What a great mistake was made by those who sought in the early centuries CE to establish the narrative of scripture as though it was a literal record of human history. For these texts were never anything else but fiction - gnostic fiction, it is true, but fiction all the same.

Would that the Christian church, in all its wondrous diversity, should actually understand the scriptures which in reality constitute the only possible basis for all its unreasonable claims. What are we to say to the Roman Catholic priest who confidently tells his hearers that it is he himself who works the miracle of the Eucharist (he being filled, as he asserts, with the Holy Spirit). Even his superiors in Rome do not teach this (see5 above). When this man's ideas were challenged he threatened to call the police. Later he set his housekeeper on guard at the door, week after week, with specific instructions to exclude from the premises the one who sought to debate with him.

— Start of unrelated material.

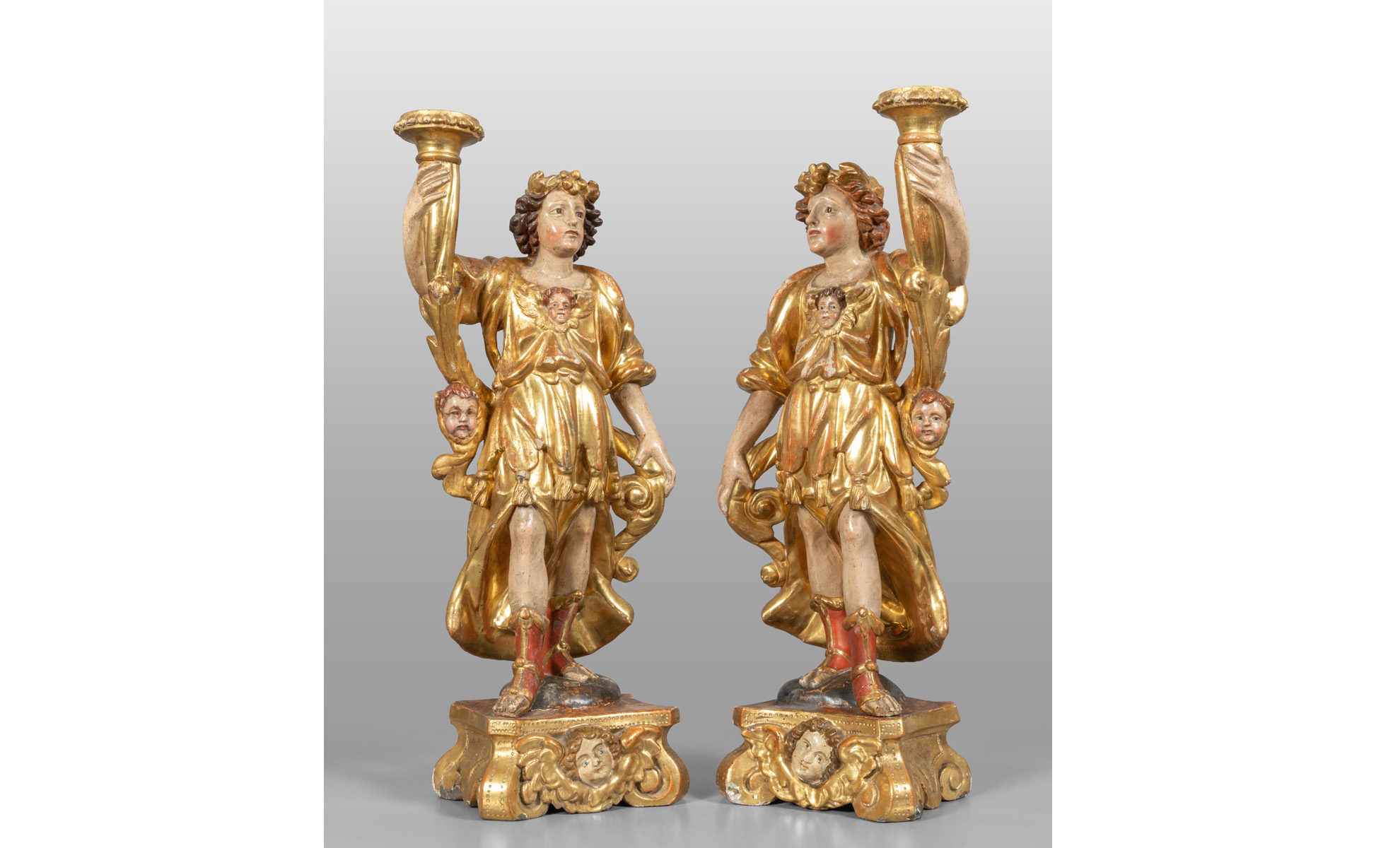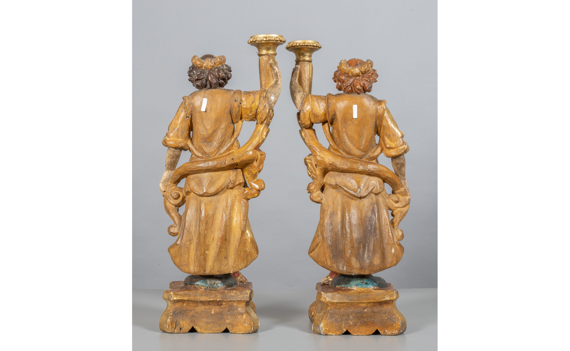 Coppia di cornucopie in legno finemente intagliato, dorato e laccato, sec.XVIII

Unfortunately the Catholic church acts like a magnet for people such as this. Ignorant and deluded, such a person blights our whole society with his manipulative behaviour. The sexual abuse of our children is merely the tip of the iceberg where this so-called 'church' is concerned. For it is the entire activity of the organisation which is abusive. From cradle to grave this 'church' seeks to exert itself over its 'stolen' flock, over its ill-gotten "glory" [see Gn.30:31-31:1]. It seeks to exert itself to an end and a purpose which in fact scripture itself discloses to be evil. In all its ignorant folly it hurtles through the pages of human history. Those trapped within the 'invisible walls' of this assertive but confused institution are there for one cause only : they are unable to recognise what is wrong. On and on they stumble - for such is the din in hell that the truth can never be heard [Is.6:9-10; Mt.13:14-15; Ac.28:26-27].

Accordingly I am entirely confident that you will never come across anyone taking part in this so-called 'sacrament' of the Eucharist who has correctly understood what (in scripture) it has been configured to signify. For anyone fortunate enough to fathom the gnostic 'mystery' embedded in scripture will never wish to take part in this unfortunate ritual, even one more time.

Put another way, the only ones still performing this ritual are those successfully deluded, those blindly indoctrinated, those led utterly astray - those who have no idea whatever of the enormity of the mistake (as defined in scripture itself) that they continue to make.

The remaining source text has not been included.